Effective September 28, 2012, Aspen Group, Inc. (the “Company”) increased the authorized shares available under its 2012 Equity Incentive Plan to 5,600,000 shares. Additionally, the Company granted 100,000 five-year stock options to John Scheibelhoffer, Michael D'Anton, Paul Schneier, C. James Jensen and David Pasi, directors of the Company, replacing the stock options granted to these directors by Aspen University, Inc., the Company’s wholly-owned subsidiary, in May 2011. One-third of the options are fully vested and the remaining will vest in two equal annual increments with the first vesting date being May 20, 2013, subject to continued service as of each applicable vesting date. The options are exercisable at $0.35 per share. Additionally, Sanford Rich, a director, was granted 100,000 five-year stock options exercisable at $0.35 per share. The options will vest in equal annual increments over a three year period with the first vesting date being March 15, 2013, subject to continued service as of each applicable vesting date. Additionally, effective September 28, 2012, the Company granted Michael Mathews, the Company’s Chief Executive Officer and Chairman of the Board, 2,900,000 five-year options exercisable at $0.35 per share, assuming the Company raises $3,500,000 in an offering of the Company’s securities (the “Private Placement”). If less than $3,500,000 is raised in the Private Placement, the number of options will be reduced pro-rata based on the actual amount of money raised in the Private Placement so that Mr. Mathews owns approximately 10% of the Company. As previously reported on a Form 8-K, the Company has raised $2,757,000 in the Private Placement. The options will vest in equal annual increments over four years, with the first vesting date being September 28, 2013, subject to continued employment as of each applicable vesting date.
Item 7.01 Regulation FD Disclosure.
On October 4, 2012, Michael Mathews, the Company’s Chief Executive Officer, gave a presentation at the LD Micro Conference. The PowerPoint presentation displayed at the conference is furnished herewith as Exhibit 99.1 and is incorporated herein by reference.

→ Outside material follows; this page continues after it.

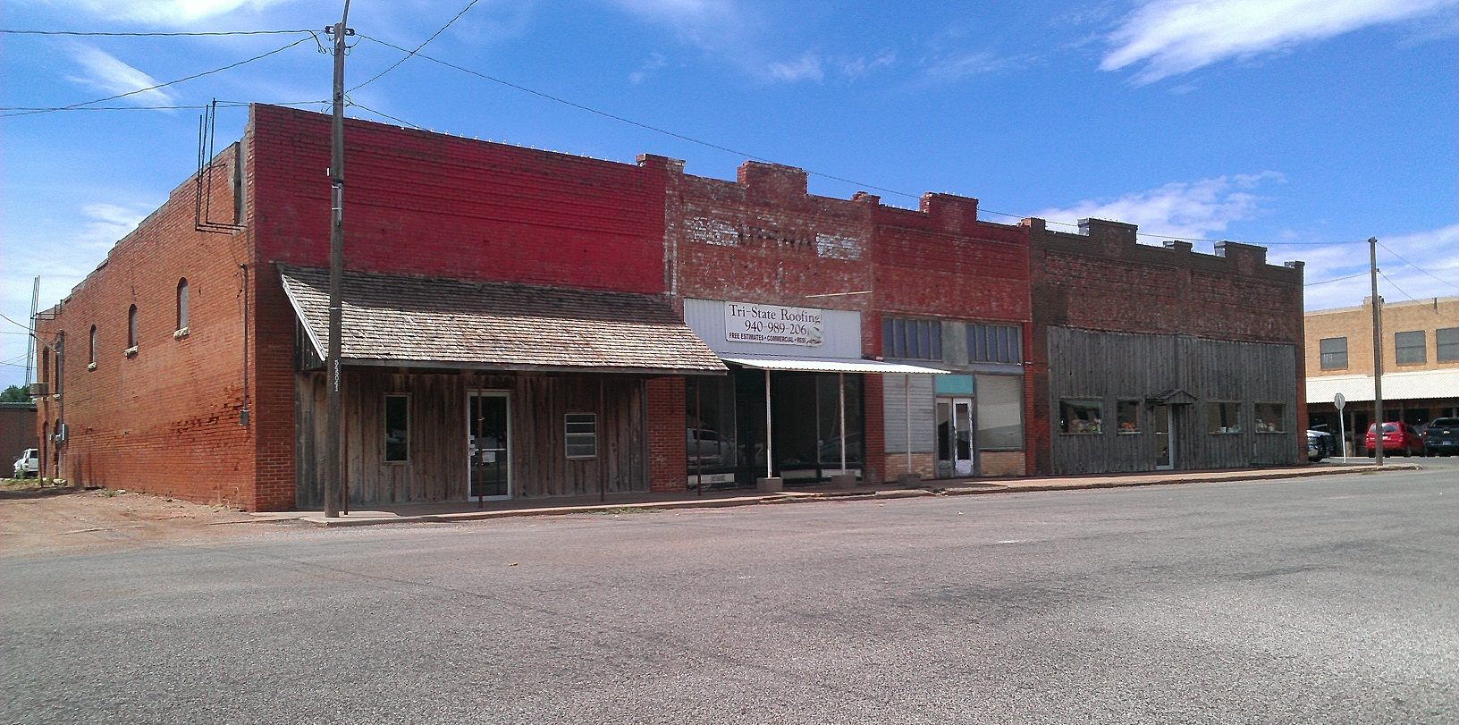 Row of buildings south of the Stonewall County Courthouse in Aspermont, Texas

The information furnished on this Form 8-K, including Exhibit 99.1, shall not be deemed “filed” for the purposes of Section 18 of the Securities Exchange Act of 1934 (the “Exchange Act”) or otherwise subject to the liabilities of that section, nor shall it be deemed incorporated by reference into any other filing under the Securities Act of 1933 or the Exchange Act, except as expressly set forth by specific reference in such a filing.
Item 9.01 Financial Statements and Exhibits.
(d) Exhibits.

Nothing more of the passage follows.